EXERCISE DETAILS - From the entries below, print exactly the span beginning with the line holding "Given that the" and ending with the line holding "A Ship Moored Near A Dutch Town", endpoints included, and skip any pictures.

SOURCE MATERIAL -
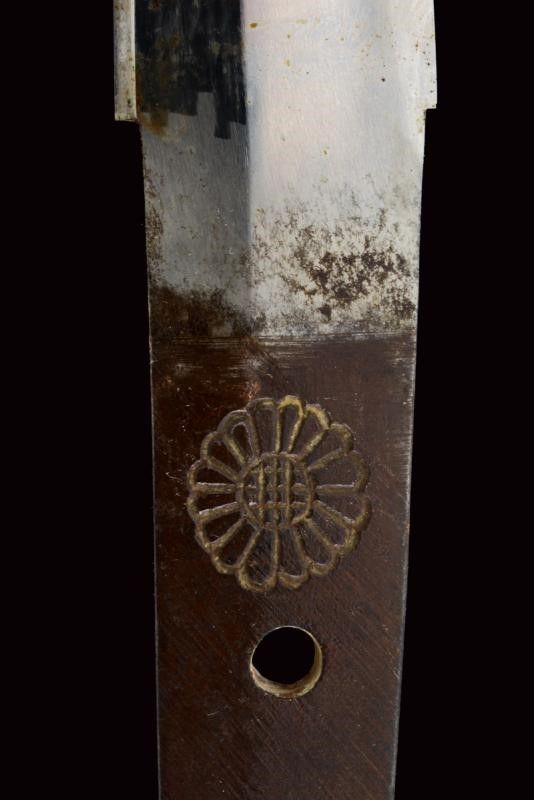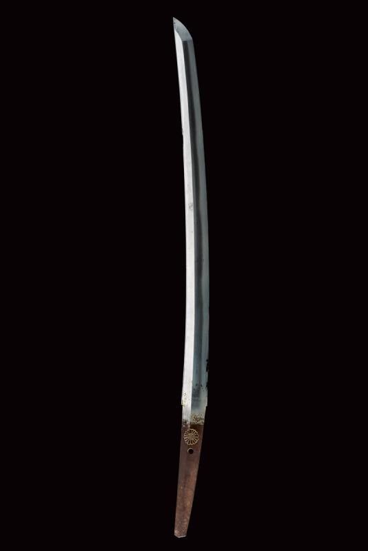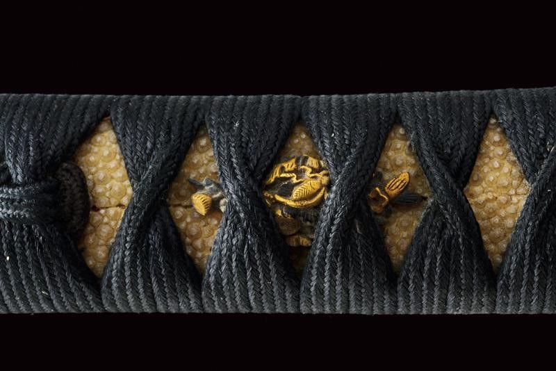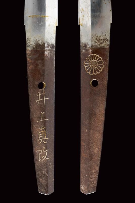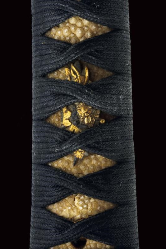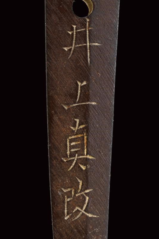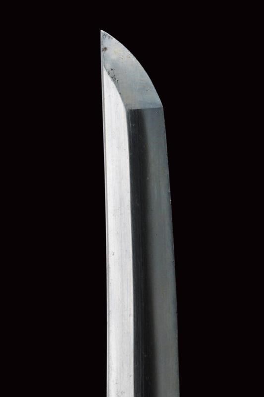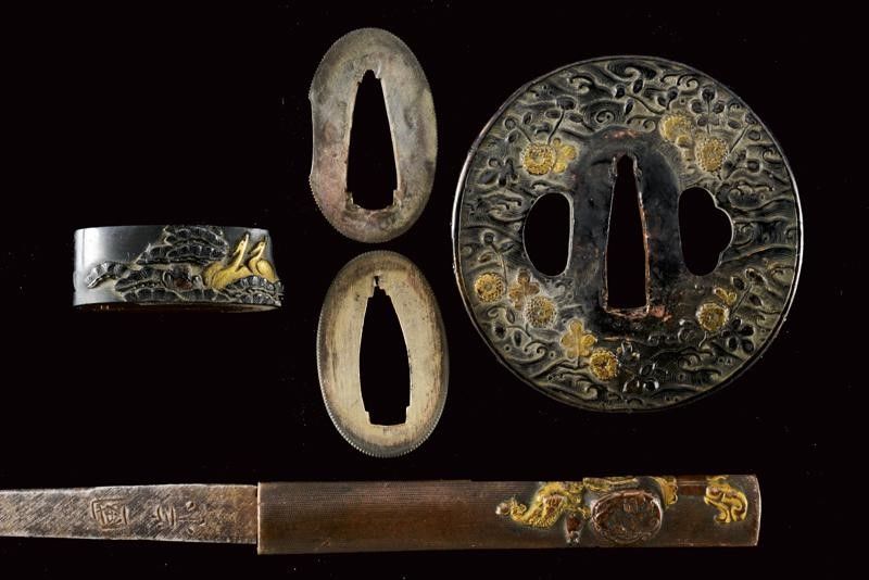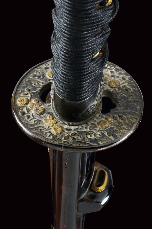 datazione: Periodo Edo (1603-1867) provenienza: Giappone, Nagasa (lung. 45.5 cm) con hada e hamon non visibili, da pulire, habaki in rame dorato. Nakago gimei: Inoue Shinkai con un mekugi-ana. Koshirae con tsuba in shakudo incisa a motivi floreali in rilievo parzialmente dorati. Bei fuchi-kashira e menuki in shakudo decorati in rilievo, parzialmente dorati su fondo scuro, kashira con un bellissimo airone. Completo di tsuka-ito in seta nera. Saya in legno laccato di nero (mancanze). Kogatana-mei. lunghezza 64,5 cm.
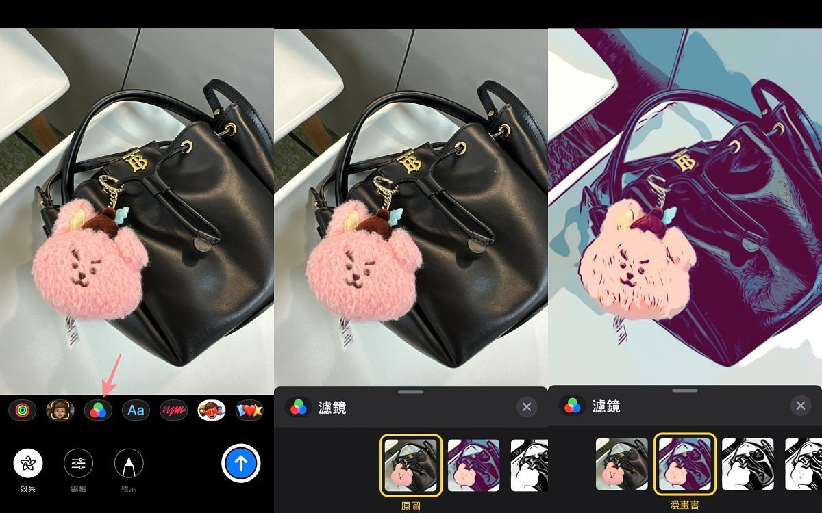 還有一招可以製作出卡通濾鏡風照片的好方法,那就利用是訊息當中的「相機」功能!
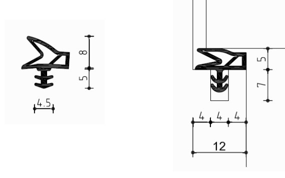 Tento druh těsnění je díky své speciální konstrukci vhodný pro bezfalcové dveře, při zavření dveří se nedeformuje mimo drážku v zárubni.
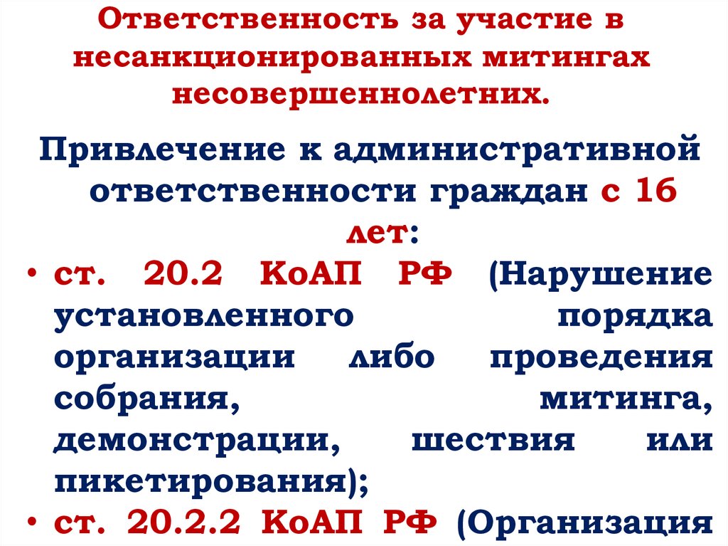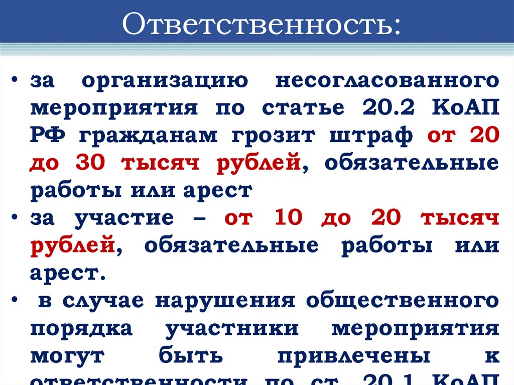 числе участие в несанкционированных
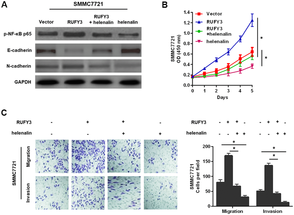Given that the NF-κB signaling is involved in the growth, migration and invasion of various malignant tumor cells [11], we hypothesized that RUFY3 might promote these changes through activating NF-κB signaling pathway in HCC. To test the hypothesis, the specific NF-κB signaling inhibitor, helenalin [12], was used to perform studies more deeply involving modified HCC cells, based on the above-mentioned conclusion that RUFY3 promoted EMT in HCC cells. It was worth noting that the results of this study suggested that treatment with helenalin led to a significantly decreased expression of p-NF-κB p65 and a distinct reversal of RUFY3-induced EMT (Figure 6A) and markedly suppressed RUFY3-induced cell growth (Figure 6B), migration and invasion (Figure 6C). Collectively, these results indicated that NF-κB signaling-induced EMT was responsible for RUFY3-facilitated HCC cell growth, migration and invasion.
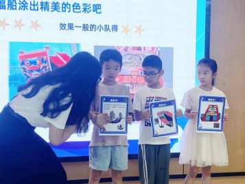 经过一系列紧张而有趣的研学任务挑战后,实践队公布了各小队的排名情况,为孩子们展示并颁发了他们精心设计的文创礼品。这些文创礼品通过创意与设计的融合,不仅将福建独特的海洋文化元素以生动、有趣的形式展现出来,还蕴含着深刻的文化热爱和教育意义。实践队成员细心地为孩子们讲解每一件礼品的设计理念,让孩子们在欣赏美的同时,感受到海洋文化的博大精深和本土文化的独特魅力。孩子们手捧礼品,脸上洋溢着满足和自豪的笑容。这一刻,不仅是对他们努力付出的肯定,更是对他们未来能够继续探索海洋知识、传承本土文化的鼓励与期许。
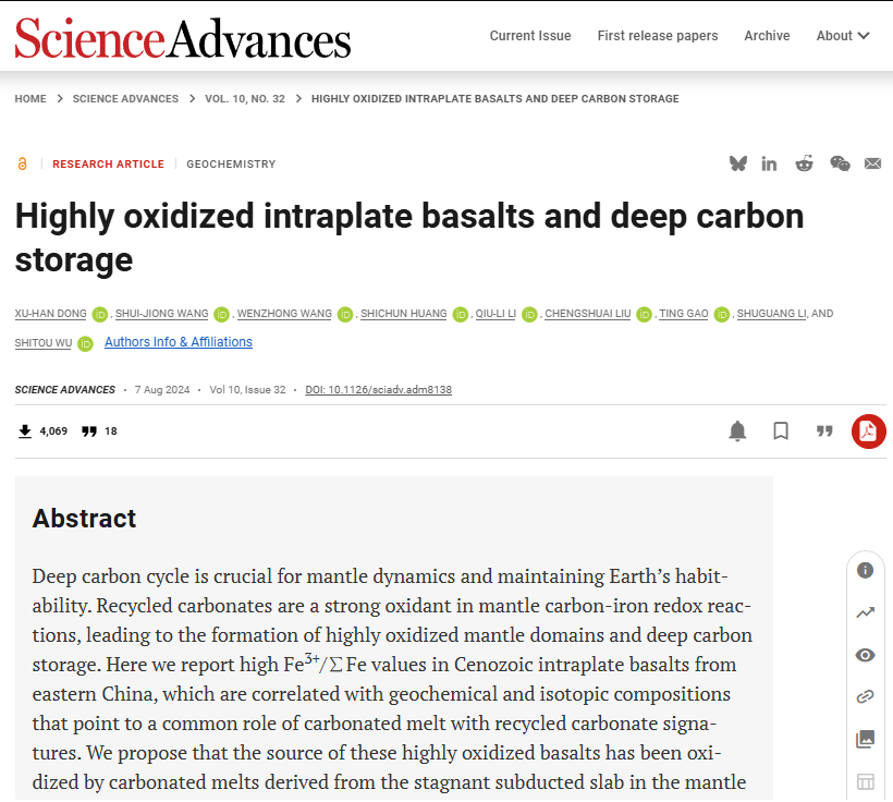 2 | 董栩含 | Highly oxidized intraplate basalts and deep carbon storage | Science Advances | 2024年08月 | https://doi.org/10.1126/sciadv.adm8138 |
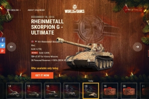 JUGEMテーマ:オンラインゲーム [アップデート] Update 9.17 リリース スウェーデン戦車が実装されました。Tier1軽戦車がガレージスロット一個付きで全員に配布。経験値100%搭乗員付きです。「S戦車に乗りたい!」と思っていた私はフリー経験値を貯めていたので、Tier4駆逐戦車まで一足飛びに開発しました。でもそれ以上は経験値もクレジットも不足ですw [スペシャル] 12月熟練ブレイク 12/16-12/19 いわゆる「週末経験値3倍キャンペーン」 [スペシャル] ホリデー作戦 後述のNew Year Tree B...
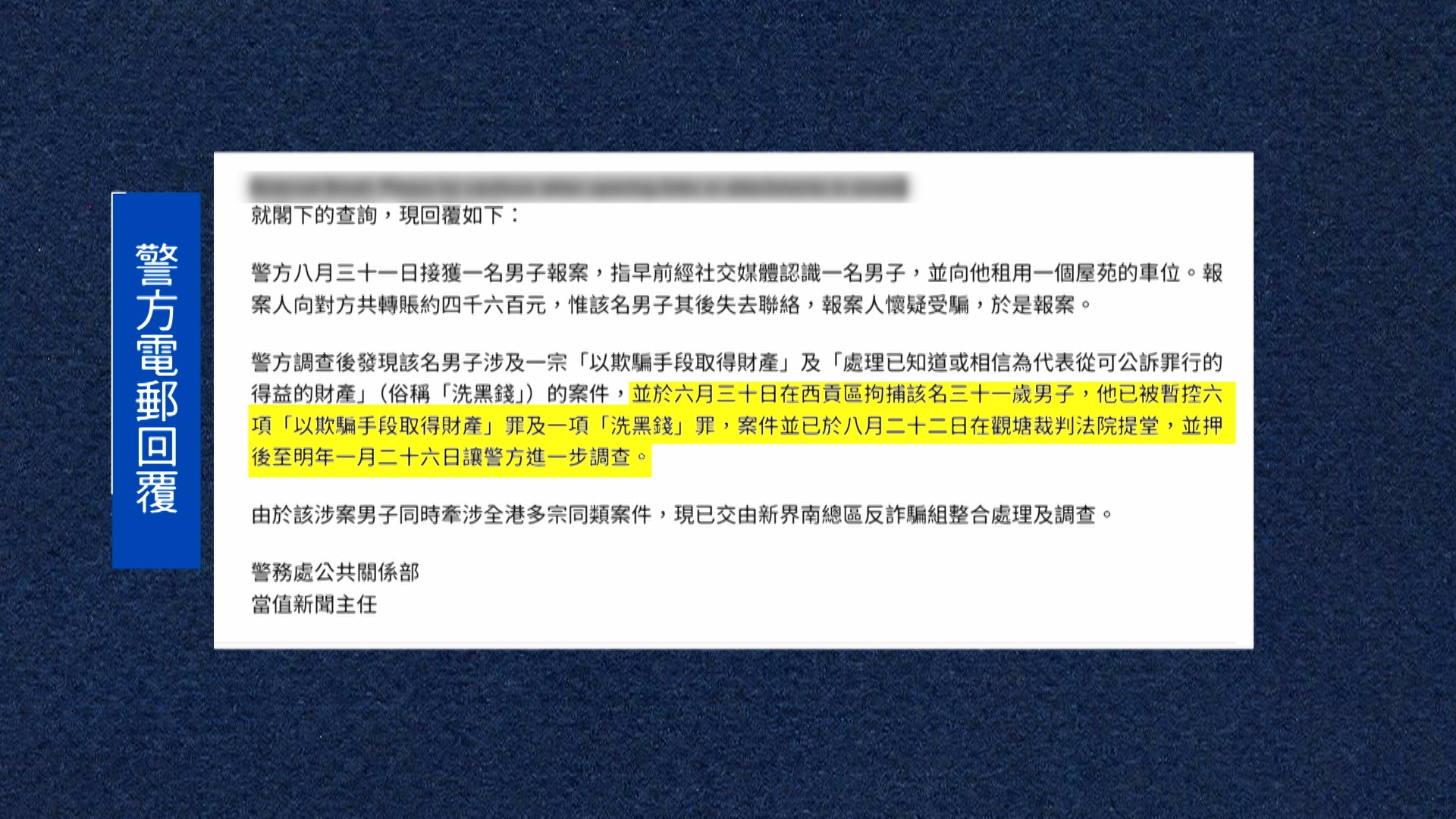 東張就事件向警方查詢,獲回覆指,今年6月已拘捕該名31歲男子,他已被暫控六項「以欺騙手段取得財產」罪及一項「洗黑錢」罪。案件並已於8月22日在觀塘裁判法院提堂,並押後至明年1月26日讓警方進一步步調查。
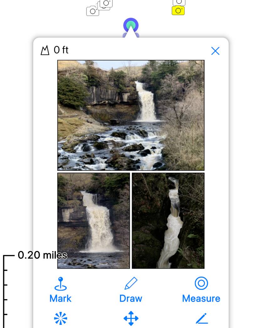 Topo Maps 2 can show photos from your iOS photo library on the map.
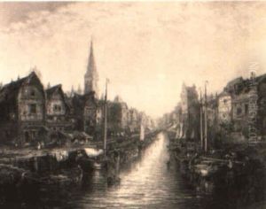 A Ship Moored Near A Dutch Town
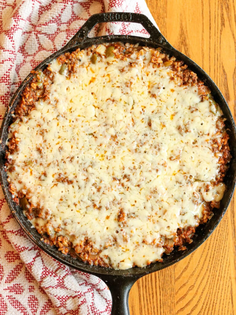 Simple and flavorful, this cheesy deconstructed stuffed peppers skillet makes the perfect healthy dinner! Beef, peppers, and brown rice is simmered together in a rich sauce and topped with shredded parmesan for a hearty one-pot meal the whole family will love.
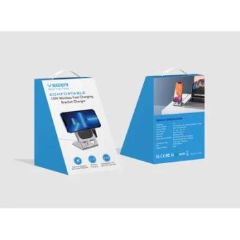 Szybka ładowarka indukcyjna Veger o mocy 15W. Jest kompatybilna ze wszystkimi smartfonami zgodnymi z Qi. Umożliwia na korzystanie z urządzenia w pionie i poziomie.
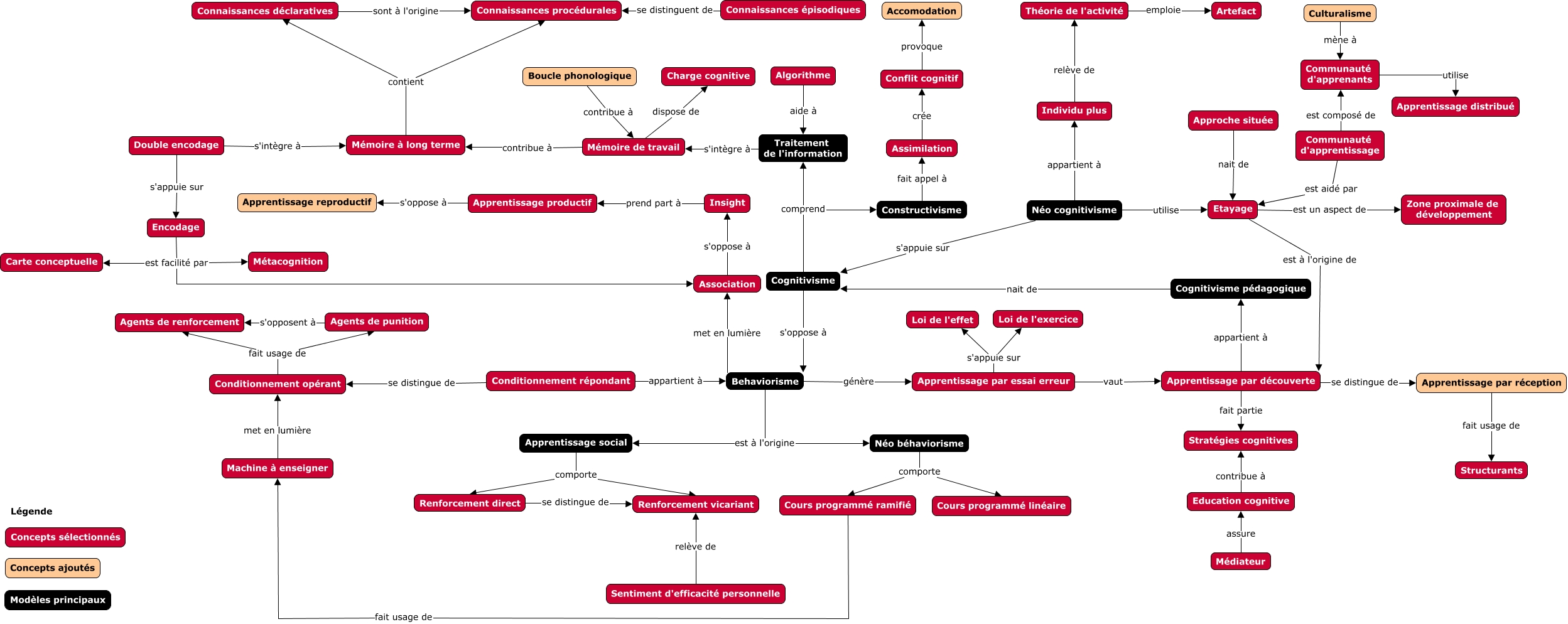Cette carte de concepts créée avec IHMC CmapTools traite de: Carte collaborative, Algorithme aide à Traitement de l'information, Sentiment d'efficacité personnelle relève de Renforcement vicariant, Approche située nait de Etayage, Apprentissage social comporte Renforcement vicariant, Apprentissage par essai erreur vaut Apprentissage par découverte, Behaviorisme est à l'origine Néo béhaviorisme, Mémoire à long terme contient Connaissances déclaratives, Communauté d'apprentissage est aidé par Etayage, Mémoire de travail dispose de Charge cognitive, Communauté d'apprenants utilise Apprentissage distribué, Conditionnement opérant fait usage de Agents de renforcement, Cognitivisme s'oppose à Behaviorisme, Conditionnement répondant appartient à Behaviorisme, Double encodage s'intègre à Mémoire à long terme, Médiateur assure Education cognitive, Mémoire de travail contribue à Mémoire à long terme, Etayage est à l'origine de Apprentissage par découverte, Conditionnement répondant se distingue de Conditionnement opérant, Apprentissage par essai erreur s'appuie sur Loi de l'effet, Encodage est facilité par Carte conceptuelle

EXERCISE SOLUTION -
Given that the NF-κB signaling is involved in the growth, migration and invasion of various malignant tumor cells [11], we hypothesized that RUFY3 might promote these changes through activating NF-κB signaling pathway in HCC. To test the hypothesis, the specific NF-κB signaling inhibitor, helenalin [12], was used to perform studies more deeply involving modified HCC cells, based on the above-mentioned conclusion that RUFY3 promoted EMT in HCC cells. It was worth noting that the results of this study suggested that treatment with helenalin led to a significantly decreased expression of p-NF-κB p65 and a distinct reversal of RUFY3-induced EMT (Figure 6A) and markedly suppressed RUFY3-induced cell growth (Figure 6B), migration and invasion (Figure 6C). Collectively, these results indicated that NF-κB signaling-induced EMT was responsible for RUFY3-facilitated HCC cell growth, migration and invasion.
 经过一系列紧张而有趣的研学任务挑战后,实践队公布了各小队的排名情况,为孩子们展示并颁发了他们精心设计的文创礼品。这些文创礼品通过创意与设计的融合,不仅将福建独特的海洋文化元素以生动、有趣的形式展现出来,还蕴含着深刻的文化热爱和教育意义。实践队成员细心地为孩子们讲解每一件礼品的设计理念,让孩子们在欣赏美的同时,感受到海洋文化的博大精深和本土文化的独特魅力。孩子们手捧礼品,脸上洋溢着满足和自豪的笑容。这一刻,不仅是对他们努力付出的肯定,更是对他们未来能够继续探索海洋知识、传承本土文化的鼓励与期许。
 2 | 董栩含 | Highly oxidized intraplate basalts and deep carbon storage | Science Advances | 2024年08月 | https://doi.org/10.1126/sciadv.adm8138 |
 JUGEMテーマ:オンラインゲーム [アップデート] Update 9.17 リリース スウェーデン戦車が実装されました。Tier1軽戦車がガレージスロット一個付きで全員に配布。経験値100%搭乗員付きです。「S戦車に乗りたい!」と思っていた私はフリー経験値を貯めていたので、Tier4駆逐戦車まで一足飛びに開発しました。でもそれ以上は経験値もクレジットも不足ですw [スペシャル] 12月熟練ブレイク 12/16-12/19 いわゆる「週末経験値3倍キャンペーン」 [スペシャル] ホリデー作戦 後述のNew Year Tree B...
 東張就事件向警方查詢,獲回覆指,今年6月已拘捕該名31歲男子,他已被暫控六項「以欺騙手段取得財產」罪及一項「洗黑錢」罪。案件並已於8月22日在觀塘裁判法院提堂,並押後至明年1月26日讓警方進一步步調查。
 Topo Maps 2 can show photos from your iOS photo library on the map.
 A Ship Moored Near A Dutch Town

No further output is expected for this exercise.